Enhanced Home Screen Design

• Multi-account support: Both primary and secondary accounts are now visible on the home screen

• Improved layout: Account actions like Reset Password and Remove Account are displayed in an easy-to-access card format

• Account switching: Tap any secondary account to set it as your primary account

• Better organization: Workstation OTP is now displayed in a card layout below your account OTP

Smarter User Experience

• Authentication memory: The app remembers your preferred authentication method (PIN or Touch/Face ID) for 1 minute

• Better error messaging: Clear guidance when scanning QR codes for accounts that aren’t onboarded

• Self-service support: New Issue Resolution Screen helps you troubleshoot common problems before contacting support

iOS-Specific Enhancements

Automatic Biometric Re-enrollment: The app now detects when your device’s TouchID or FaceID settings have changed and prompts you to re-enroll your biometrics to maintain security.

Document Verification Updates

New session status tracking for document uploads:

• Expired: Session was never started by the user

• Abandoned: Session was started but not completed within the time limit

Users will be notified if their verification session expires and guided to start a new one.

Platform Support

• Android compatibility: Now supports Android 14 and Android 15

• Enhanced security: Password visibility toggle during onboarding and authentication to reduce input errors

• Developer improvements: Updated Flutter and React Native plugin support

Log into Windows machines using one-time codes sent via email, SMS, or voice call. This feature introduces robust two-factor authentication (2FA) capabilities for any organization that is currently only using a single factor to authenticate into the workstations.

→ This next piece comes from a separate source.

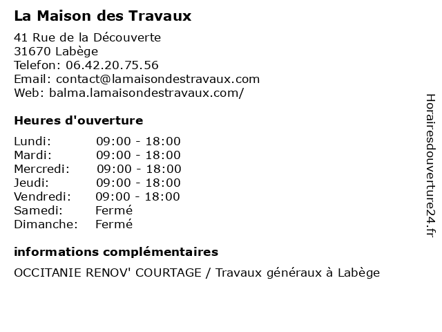1 La Maison des Travaux (Distance: 7,67 km) 8 Place Olivier, 31300 Toulouse courtiers, des, financement, habitation, la, maison, travaux 2 La Maison Des Travaux (Distance: 15,64 km) 50 Route de Paris, 31150 Fenouillet architecte, architecture, des, décoration, extension, généraux, la, maison, rénovation, travaux 3 Anciens Elèves Conduct Travaux (Distance: 1,18 km) 5 Allée Jean Griffon, 31400 Toulouse anciens, conduct, elèves, travaux 4 Solutio Travaux (Distance: 3,98 km) 6 Rue Maurice Hurel, 31500 Toulouse constructions, maisons, projets, solutio, travaux 5 illiCO Travaux (Distance: 6,47 km) 71 Avenue Jean Chaubet, 31500 Toulouse agence, constructeurs, illico, projets, promotion, travaux 6 Relais Colis® / BOOSTER TRAVAUX RENOVATION (Distance: 7,29 km) 70 Rue de la Colombette, 31000 Toulouse booster, colis, colis®, relais, renovation, services postaux et de livraison, travaux |

Why One-Time Codes for Windows Login?

Passwords alone are no longer sufficient to protect sensitive data and systems. They can be guessed, stolen, or phished, leaving accounts vulnerable to unauthorized access. By integrating one-time codes into the login process, we add an extra layer of security that ensures only authorized users gain access.

Here’s how it works:

• Step 1: Administrator sets up a policy to allow a select set of users, or users matching certain conditions to authenticate with one-time codes.

• Step 2: During a Windows login, a user enters their username and password.

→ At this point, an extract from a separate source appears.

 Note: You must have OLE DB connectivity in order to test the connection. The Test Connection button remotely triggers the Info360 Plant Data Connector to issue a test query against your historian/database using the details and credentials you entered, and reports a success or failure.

• Step 3: User chooses how to receive their passcode.

• Step 4: A unique one-time code is sent to their registered email, phone (via SMS), or through a voice call depending on the chosen factor.

• Step 5: The user retrieves the code and enters it to complete the login process.

• Step 6: User is logged into their Windows workstation.

Benefits

1. Enhanced Security: Even if attackers gain access to a user’s password, they cannot log in without the second factor—making it significantly harder for cybercriminals to breach endpoints.

2. User-Friendly Implementation: One-time codes are easy to deploy and use, ensuring minimal disruption for employees who are not carrying their phone or onboarding for the first time. It is also beneficial in scenarios where users need to log in to a remote workstation and require 2FA for enhanced security.

3. Well-suited for Asia-Pacific (APAC) region: OTP based authentication has become deeply integrated into the digital economy in India making adoption easier.

4. Consumer Education: Authentication with OTP’s is a familiar pattern making it a preferred choice for first time users.

The downside of E-mail / SMS Passcodes

It’s important to note that while Email, SMS passcodes are widely supported, many security experts recommend using more secure methods like authenticator apps or hardware tokens, when possible, as SMS can be vulnerable to interception. Check out our other Passwordless authentication methods for Windows Workstations for a more robust implementation.